* Supplied material:
######

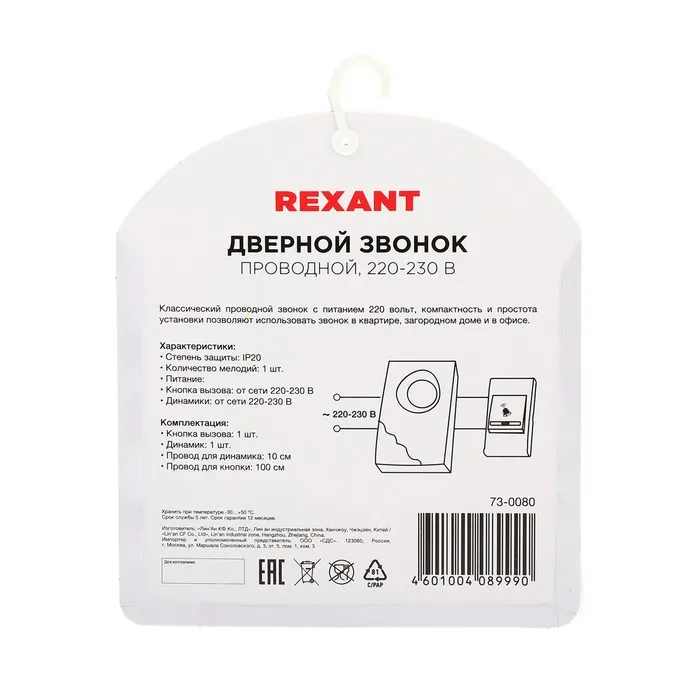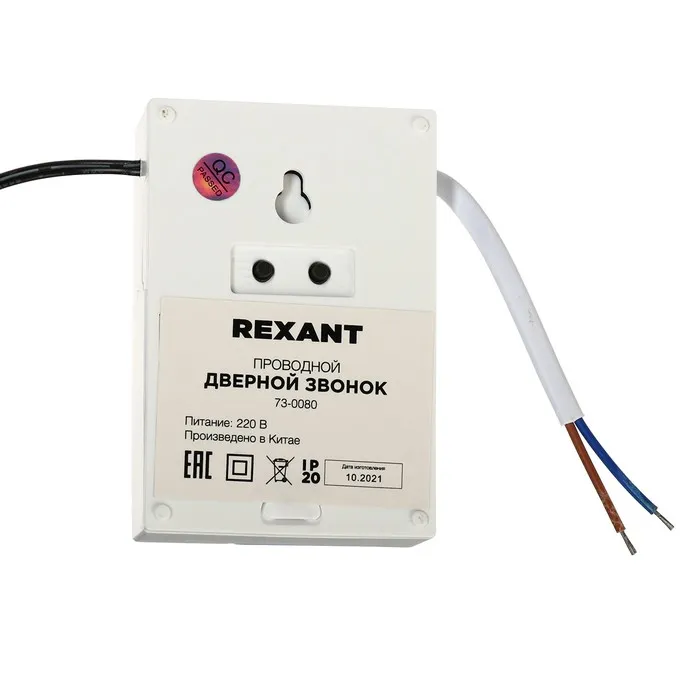Звонок REXANT RX-8, проводной, 220 В, регулировка громкости, белый — Характеристики
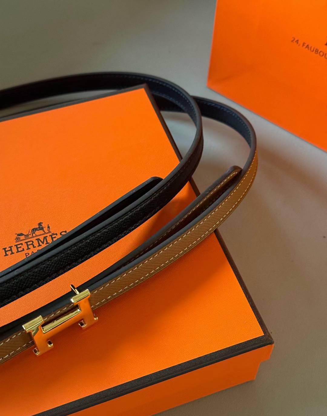 Pasek firmowy męski, damski, skóra Hermes
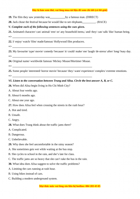 - VI. Listen to the conversation between Trung and Alisa. Circle the best answer A, B, or C.
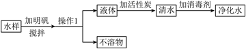 15. 实验室中对某河水的水样进行净化处理,设计流程如图所示。

######

* Prompt:
Extract the full listing exactly, with the pictures left out.

* Reply to the task:
Звонок REXANT RX-8, проводной, 220 В, регулировка громкости, белый — Характеристики
 Pasek firmowy męski, damski, skóra Hermes
 - VI. Listen to the conversation between Trung and Alisa. Circle the best answer A, B, or C.
 15. 实验室中对某河水的水样进行净化处理,设计流程如图所示。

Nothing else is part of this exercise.